### SUPPLIED INFORMATION
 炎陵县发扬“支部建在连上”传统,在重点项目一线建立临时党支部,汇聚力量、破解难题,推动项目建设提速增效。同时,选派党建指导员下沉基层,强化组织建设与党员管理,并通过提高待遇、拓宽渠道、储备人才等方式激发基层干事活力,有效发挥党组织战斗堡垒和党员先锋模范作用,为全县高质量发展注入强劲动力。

* * *

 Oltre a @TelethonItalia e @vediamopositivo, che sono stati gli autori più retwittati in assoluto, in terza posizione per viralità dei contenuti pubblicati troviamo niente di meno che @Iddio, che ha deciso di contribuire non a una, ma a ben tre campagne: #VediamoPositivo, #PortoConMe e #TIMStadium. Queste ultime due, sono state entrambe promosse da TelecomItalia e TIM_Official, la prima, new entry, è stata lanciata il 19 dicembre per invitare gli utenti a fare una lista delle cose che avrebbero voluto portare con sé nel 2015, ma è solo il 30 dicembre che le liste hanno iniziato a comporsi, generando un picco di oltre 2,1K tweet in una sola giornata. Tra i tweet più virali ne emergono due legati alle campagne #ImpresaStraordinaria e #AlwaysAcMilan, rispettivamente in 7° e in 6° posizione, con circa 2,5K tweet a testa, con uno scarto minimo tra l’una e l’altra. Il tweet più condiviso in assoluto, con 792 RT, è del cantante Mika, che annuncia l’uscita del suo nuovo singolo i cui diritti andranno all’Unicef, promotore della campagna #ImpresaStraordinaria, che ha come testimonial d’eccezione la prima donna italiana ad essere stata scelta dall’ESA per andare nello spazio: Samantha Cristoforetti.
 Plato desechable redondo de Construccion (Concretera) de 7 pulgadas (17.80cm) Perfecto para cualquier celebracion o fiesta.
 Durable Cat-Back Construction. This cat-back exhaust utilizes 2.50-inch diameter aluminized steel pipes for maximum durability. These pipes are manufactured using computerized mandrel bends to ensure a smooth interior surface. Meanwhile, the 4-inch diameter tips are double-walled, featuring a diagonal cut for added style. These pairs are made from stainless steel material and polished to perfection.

### WHAT THE TASK ASKS
Every line from the line containing "Plato desechable redondo" through the line containing "Durable Cat-Back Construction." in the records above must be retyped exactly. Leave out the rest.

### TASK ANSWER
 Plato desechable redondo de Construccion (Concretera) de 7 pulgadas (17.80cm) Perfecto para cualquier celebracion o fiesta.
 Durable Cat-Back Construction. This cat-back exhaust utilizes 2.50-inch diameter aluminized steel pipes for maximum durability. These pipes are manufactured using computerized mandrel bends to ensure a smooth interior surface. Meanwhile, the 4-inch diameter tips are double-walled, featuring a diagonal cut for added style. These pairs are made from stainless steel material and polished to perfection.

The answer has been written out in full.